Index: gcc/config/rs6000/rs6000-protos.h
===================================================================
--- gcc/config/rs6000/rs6000-protos.h	(revision 238772)
+++ gcc/config/rs6000/rs6000-protos.h	(working copy)

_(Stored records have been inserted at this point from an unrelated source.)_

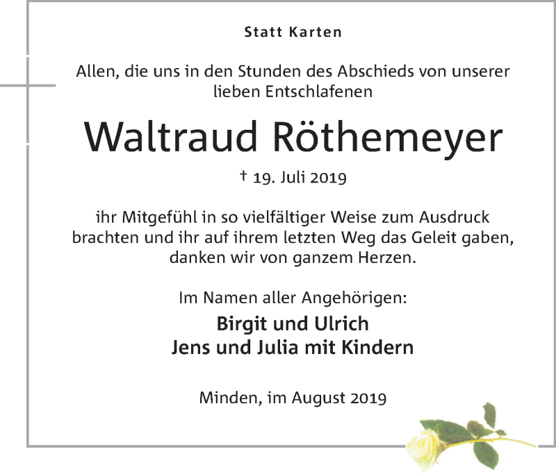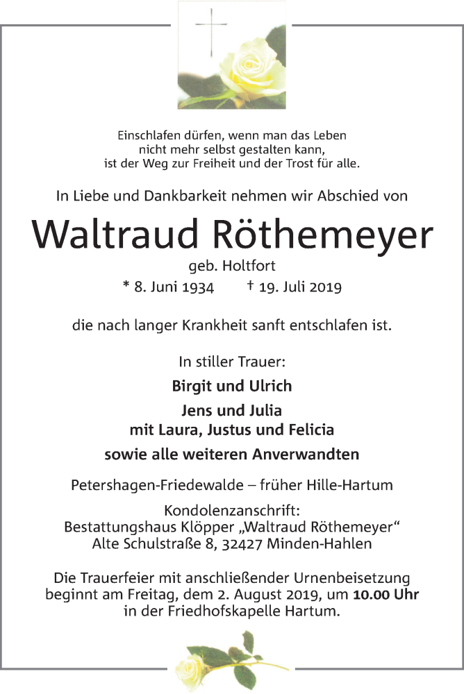 Hier finden Sie alle Traueranzeigen aus der Zeitung, die bisher für Waltraud Röthemeyer erschienen sind. Weitere Traueranzeigen, die in der Zeitung erscheinen, werden hier ebenfalls aufgelistet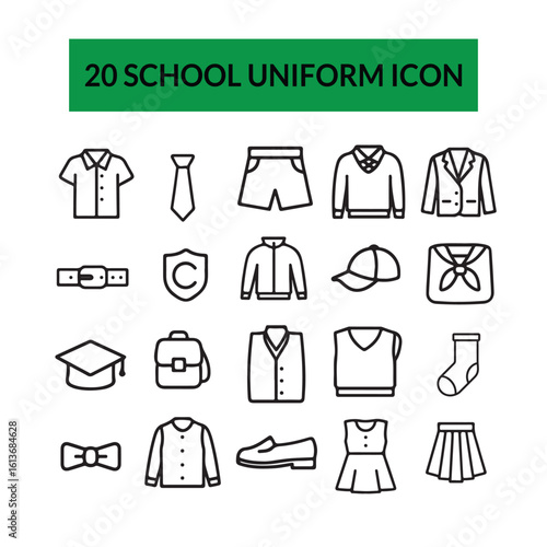 School Uniform Icon Set with Various Clothing Items and Accessories in Simple Black and White Line Art Style Design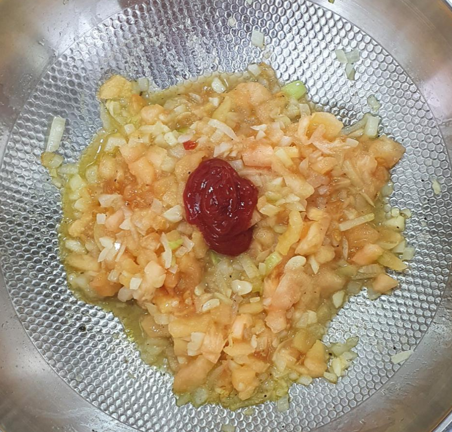 타지 않는 불로 뚜껑을 덮어 수분 날아가는 것을 차단했다는 점 참고해주시고, 다양한 재료를 넣어가면서 계속적으로 토마토를 으깨주셨으면 좋겠습니다.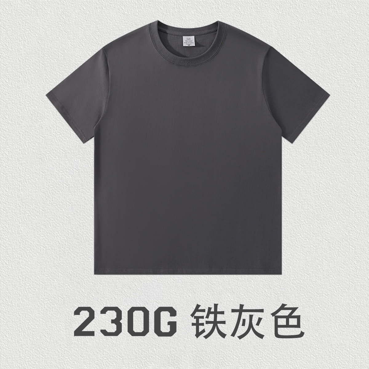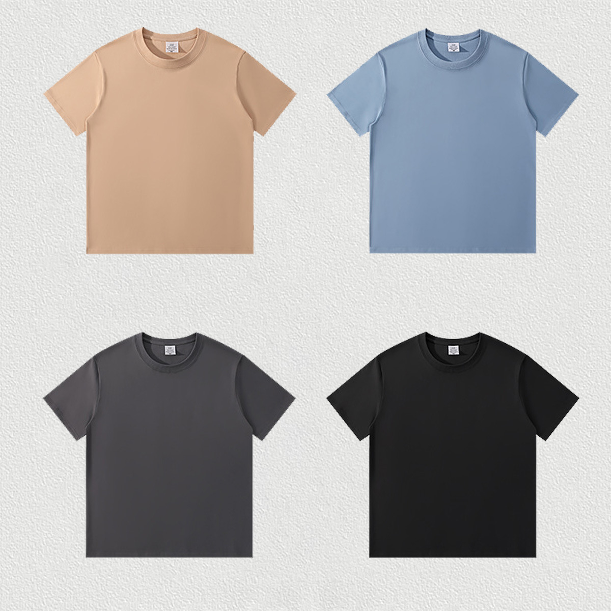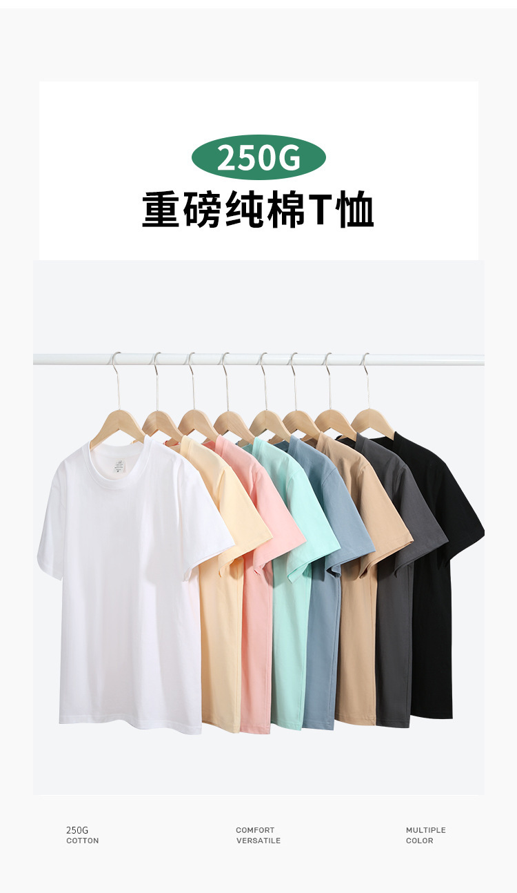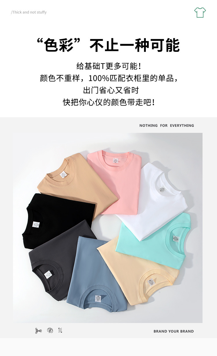250G 남자와 여자의 무거운 어깨 코튼 짧은 소매 티셔츠 남자의 단색 크루 넥 느슨한 남자 탑베이스 셔츠스토어 가기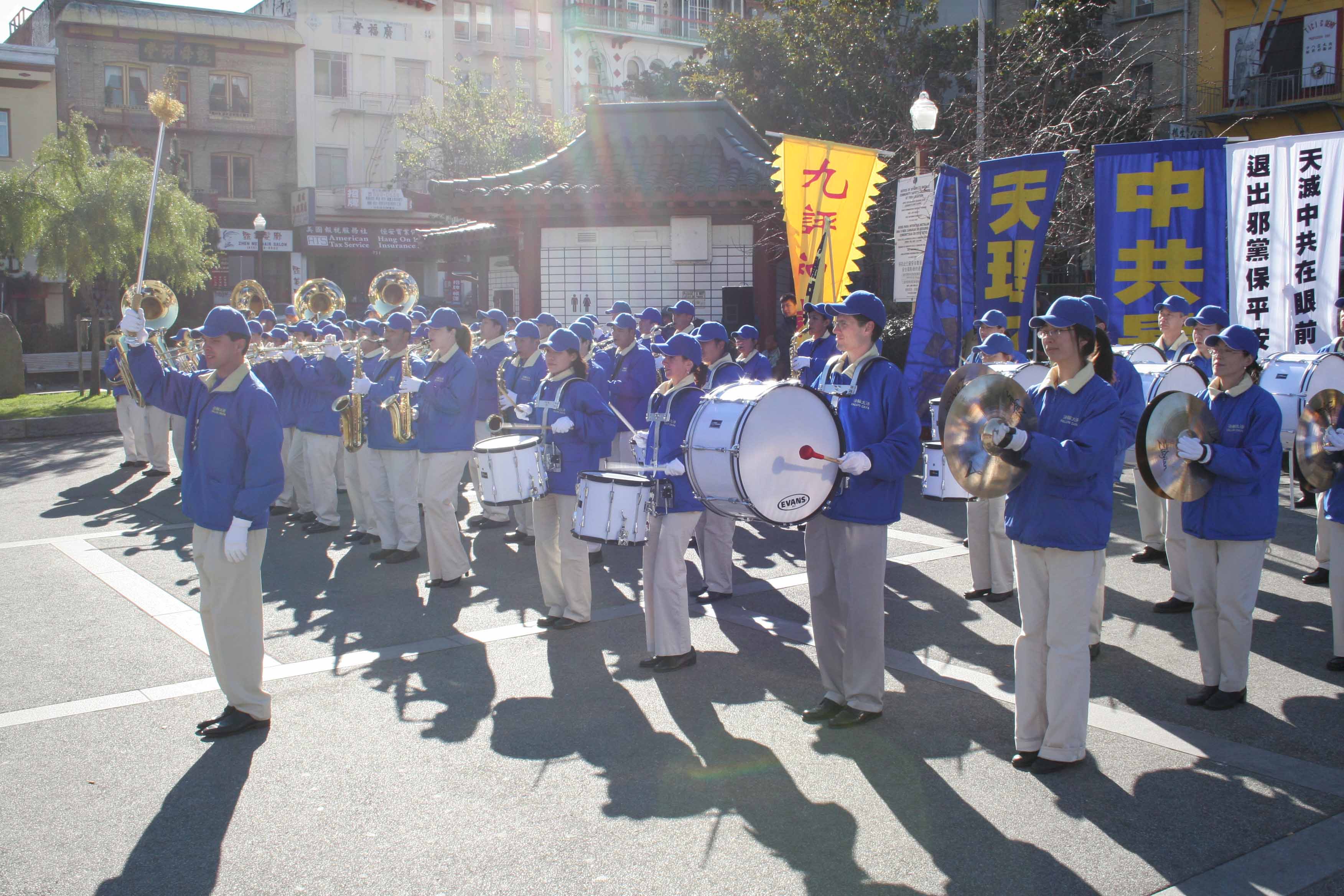 ![]() 天国乐团现身中国城,为退!党!集会助阵。 |

@@ -61,7 +61,7 @@  extern void convert_int_to_float128 (rtx
 extern void rs6000_expand_vector_init (rtx, rtx);
 extern void paired_expand_vector_init (rtx, rtx);
 extern void rs6000_expand_vector_set (rtx, rtx, int);
-extern void rs6000_expand_vector_extract (rtx, rtx, int);
+extern void rs6000_expand_vector_extract (rtx, rtx, rtx);
 extern bool altivec_expand_vec_perm_const (rtx op[4]);
 extern void altivec_expand_vec_perm_le (rtx op[4]);
 extern bool rs6000_expand_vec_perm_const (rtx op[4]);
Index: gcc/config/rs6000/rs6000.c
===================================================================
--- gcc/config/rs6000/rs6000.c	(revision 238772)
+++ gcc/config/rs6000/rs6000.c	(working copy)
@@ -6911,35 +6911,35 @@  rs6000_expand_vector_set (rtx target, rt
 /* Extract field ELT from VEC into TARGET.  */
 
 void
-rs6000_expand_vector_extract (rtx target, rtx vec, int elt)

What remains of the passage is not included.